To proxy the time to resolution, (i) the default option in the template is to use the time to enforce contracts for going concern businesses from the World Bank Doing Business database, since this series is available for the whole country sample. The series refers to the time required to enforce a contract through the courts (in calendar days), including the time to file and serve the case, the time for trial and to obtain the judgment, and the time to enforce the judgment. Note that the time, which is reported in calendar days in the World Bank database, is converted to years in the template and rounded to the nearest 0.5. (ii) A second option is to use the time to resolve insolvency (also from the World Bank Doing Business database), although this series is not available for some countries and insolvency procedures are not common in the sub-Saharan Africa region (compared to debt enforcement). The series is the time required to recover debt measured in calendar years, including appeals and requests for extension. (iii) A third option in the template is to use the average of the time to enforce contracts and the time to resolve insolvency. Note that, similarly to the assumption on legal costs, we take 75 percent of these series values (for the time to enforcement and the time to insolvency), since the resolution process may have already started for some of the NPLs sold by the banks.
The default calibration of 35 percent is justified as follows. For the consensual route, banks typically proceed to a preliminary segmentation of NPL borrowers to identify the (i) viable, (ii) marginally viable, and (iii) nonviable ones. It is assumed that the shares of these categories are given by the median shares of (i) substandard, (ii) doubtful, and (iii) loss categories of NPLs in sub-Saharan African countries from the Fitch Connect bank database for 2018. These shares are 0.27, 0.29, and 0.44, respectively. It is also assumed that the recovered amounts (in percent of the loan book value) are 75, 50, and 0. This gives an overall recovery ratio of about 35 percent.
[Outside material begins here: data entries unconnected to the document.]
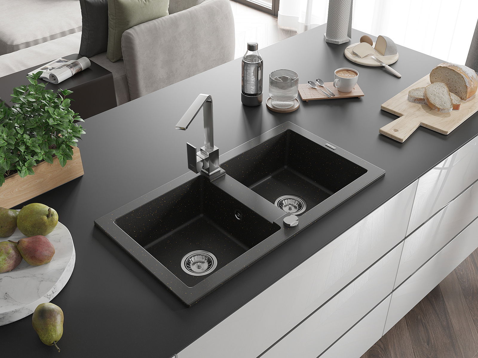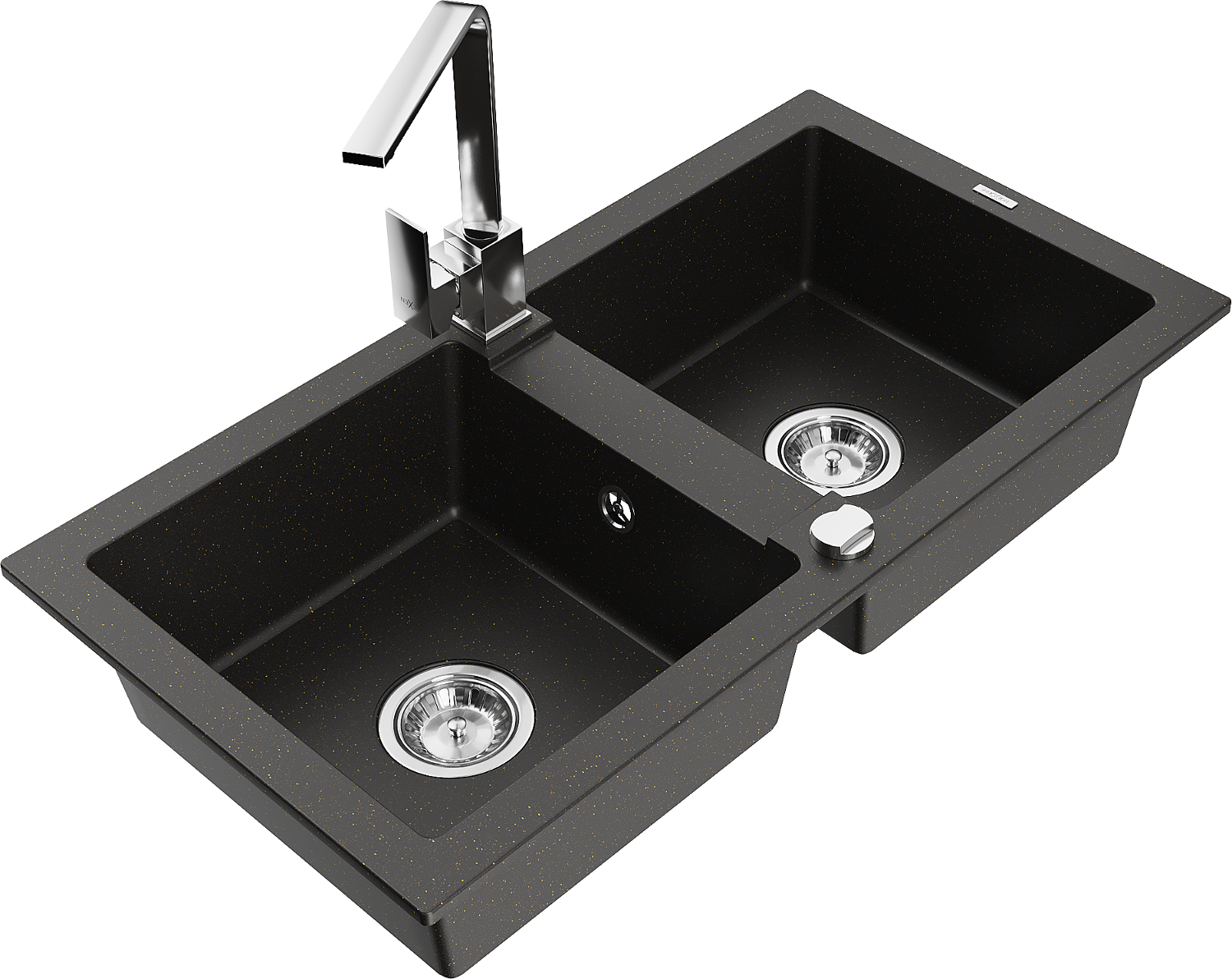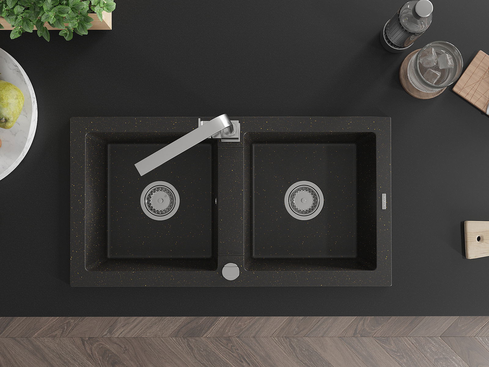 Mexen Mario кухненска мивка гранитна 2-коморова с кухненски смесител Rita, черен/златист металик - 6504-75-670300-00
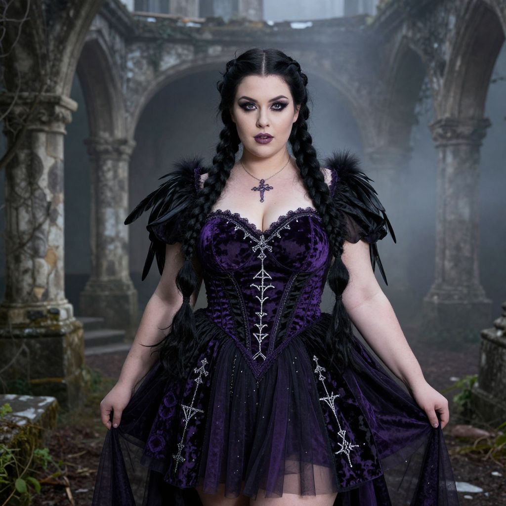 Photorealistic portrait of a strong, beautiful plus-size woman with long, braided black hair and a sharp, intelligent face with high cheekbones and a cold yet dreamy gaze, dressed in a luxurious plus size goth fairy costume — combining dark purple and black velvet with delicate silver runes, tulle petticoats, and ornate, feathered wing sleeves — standing in an abandoned castle garden at night with fog drifting through crumbling stone arches.. The woman has big tits and cute face
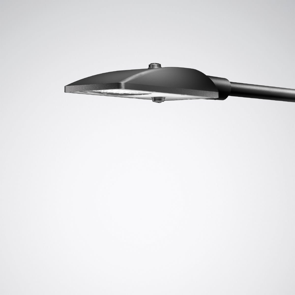 Luminaire extérieur pour mât droit, polyvalent, au design réduit international et de format plat. Avec équipement SLR (Smart Lighting Ready). Socle Zhaga sur la tête du luminaire en haut et en bas. Le luminaire conçu pour la norme D4i est certifié Zhaga/D4i. L'inclinaison de la tête du luminaire est réglable. Angle d’inclinaison pour montage sur crosse, réglable o°, -5°, -10°, -15°. Angle d’inclinaison pour montage droit 0°, 5°, 10°, 15°. En version MLT (Technologie Multi Lens), composé de systèmes de lentilles hautement efficaces, résistants aux UV et aux températures extrêmes, en montage quadruple. À répartition semi-extensive asymétrique des intensités lumineuses. Pour l’éclairage de parkings, de surfaces de stockage et similaire. Flux lumineux du luminaire et couleur de lumière fixes, avec maintien du flux lumineux en fin de vie (CLO). Flux lumineux du luminaire 4200 lm, puissance raccordée 33 W, rendement lumineux maximale du luminaire 127 lm/W. Teinte de lumière blanc chaud, température de couleur (CCT) 3000 K, Disponible sur demande également en version Tunable White (2200 K – 4000 K). indice général de rendu des couleurs (IRC) Ra > 70. Tolérance de localisation chromatique (initialement MacAdam) ≤ 5 SDCM. Autres couleurs de lumière LED disponibles sur demande. Durée de vie assignée moyenne LCLO (tq 25 °C) = 100.000 h. La source lumineuse est remplaçable conformément aux exigences d'écoconception (Règlement (UE) 2019/2020). Corps de luminaire en aluminium moulé sous pression. Surface à revêtement anthracite (similaire à DB 703). Boîtier de luminaire très résistant aux intempéries, revêtement poudré. Revêtement convenant à un climat maritime, sur demande. Avec lentille de recouvrement en PMMA, imprimée. Le client peut opter pour une impression personnalisée de la vitre de fermeture. Sur demande : plaque visible derrière la vitre de fermeture, protégée contre les intempéries. Mât disponible sur demande. Classe électrique (EN 61140) : II, indice de protection (norme EN 60529) : IP66, degré de résistance aux chocs selon la norme CEI 62262 : IK09. Température ambiante admissible (ta): 25 °C Surface exposée au vent Fw 0.100 m2. Poids: 4.2 kg. Le raccordement du luminaire s’effectue sans ouvrir son corps grâce au câble d’alimentation sortant vers l’extérieur. Longueur du câble d’alimentation: 8,0 m. Câble d’alimentation résistant aux UV pour le montage en extérieur sur des traverses. Avec driver. L'appareillage est remplaçable conformément aux exigences d'écoconception (Règlement (UE) 2019/2020). Résistance aux pics de tension Mode différentiel / mode commun : 6 kV / 10 kV. Le produit répond aux exigences essentielles des directives européennes applicables et de la loi sur la sécurité des produits et porte le marquage CE. Le luminaire est en outre certifié ENEC par un organisme de contrôle indépendant.
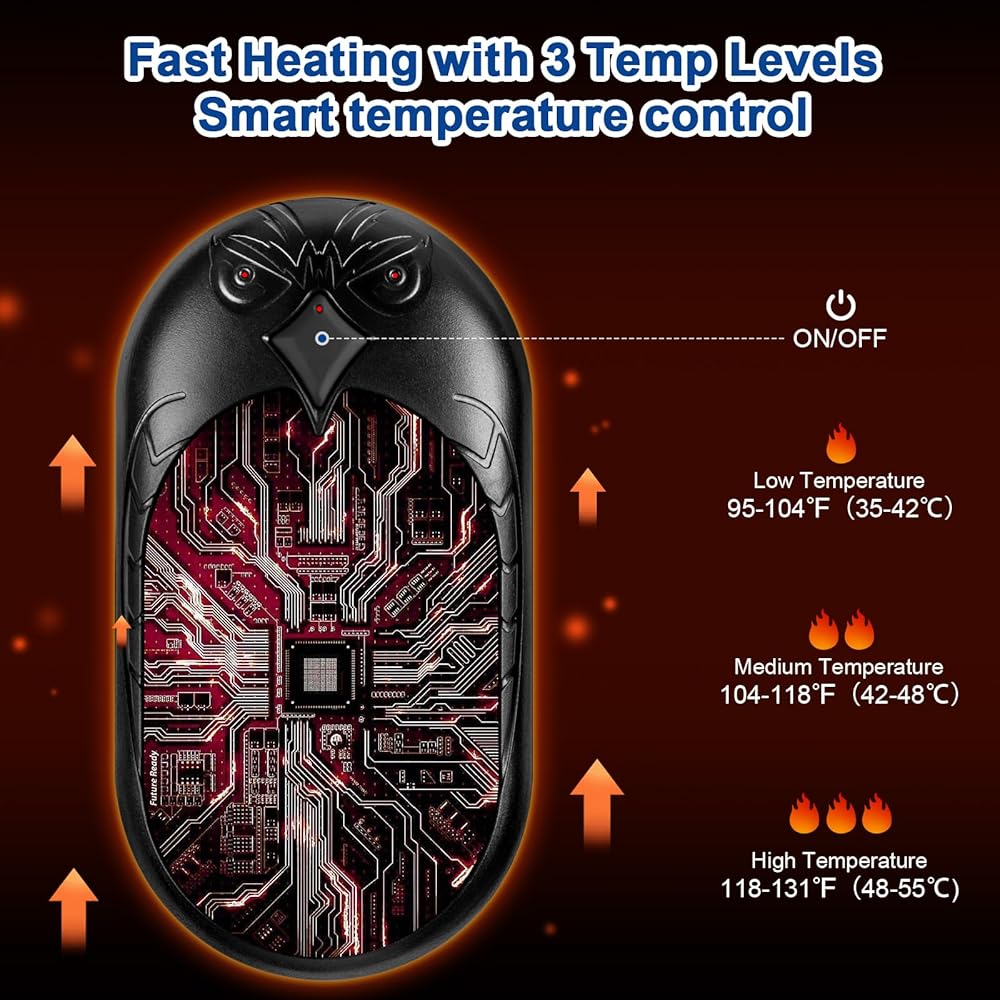 3 مستويات للحرارة والتحكم الذكي في درجة الحرارة: يمكن تعديل أجهزة تدفئة اليد المحمولة لدينا بحرية إلى مستوى تسخين منخفض/متوسط/عالي لتلبية متطلباتك. ميزة مع نظام التحكم الذكي في درجة الحرارة، يمكن أن تمنحك شعورًا مناسبًا ومريحًا لليدين، وتدفئك وتعتني بك
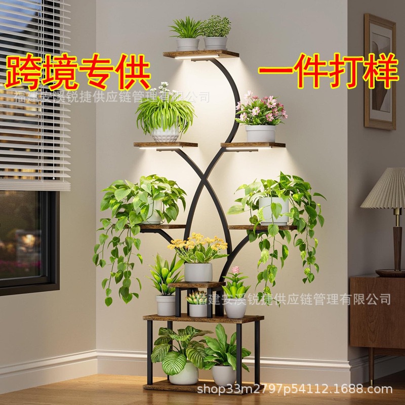 Amazon temu 植物スタンド屋内フラワースタンド緑の植物多層鉄リビングルームペンダント装飾植木鉢スタンドライト付き
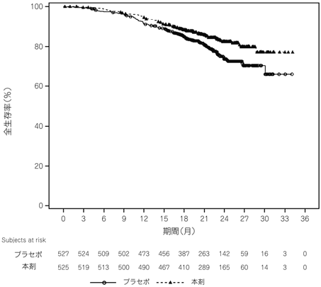 骨転移注1)を有し、ADT開始後6ヵ月以内注2)の前立腺癌注3)患者を対象に、ADT注4)の併用下で、本剤とプラセボを比較することを目的とした二重盲検ランダム化試験が実施された(有効性解析対象例1052例、日本人51例)。本剤群では本剤240mgを1日1回連日経口投与した。主要評価項目は全生存期間(OS)及び画像判定に基づく無増悪生存期間(rPFS)と設定された。OSの中間解析(解析イベント数200)の結果、両群ともに中央値は未到達であったものの、本剤群で統計学的に有意な延長を示した(ハザード比:0.671、95%信頼区間:0.507~0.890、層別log-rank検定:p=0.0053)。また、rPFSの中央値は本剤群未到達、プラセボ群22.08ヵ月で、本剤群で統計学的に有意な延長を示した(ハザード比:0.484、95%信頼区間:0.391~0.600、層別log-rank検定:p<0.0001)。16)注1)骨スキャンで1ヵ所以上の骨転移が確認された患者(骨病変が1ヵ所のみの場合は、CT又はMRIにおいても骨転移が確認された患者)が組み入れられた。内臓転移又はリンパ節転移のみを有する患者は除外された。注2)限局性前立腺癌に対するADT(ランダム化の1年前までに完了しており、合計3年以内の場合に限る)は許容された。注3)骨転移を有する前立腺癌に対する前治療歴として、①6サイクル以内のドセタキセル投与(最終投与がランダム化前2ヵ月以内であり、かつランダム化前に画像上の疾患進行又は血清PSA値の増加が認められていない場合に限る)、②1コースの放射線療法及び③手術は許容された。注4)外科的去勢術を実施していない場合には、ランダム化の14日以上前から内科的去勢術を開始することとされた。

See some applications of the template in the 2021 IMF Departmental Paper “Resolving Non-Performing Loans in Sub-Saharan Africa in the Aftermath of the COVID-19 Crisis.”
For policy experiments with a targeted NPL disposal strategy, key parameters should be adjusted to account for the fact that the sale focuses mostly on loss NPLs (and not on “average” NPLs). For instance, management costs may need to be increased; the discount rate should decrease given lower expected returns on legacy NPLs; the probability of consensual recovery would be reduced; and the value recovered through the consensual approach should be significantly lowered, as well as the collateralized portion of the loan.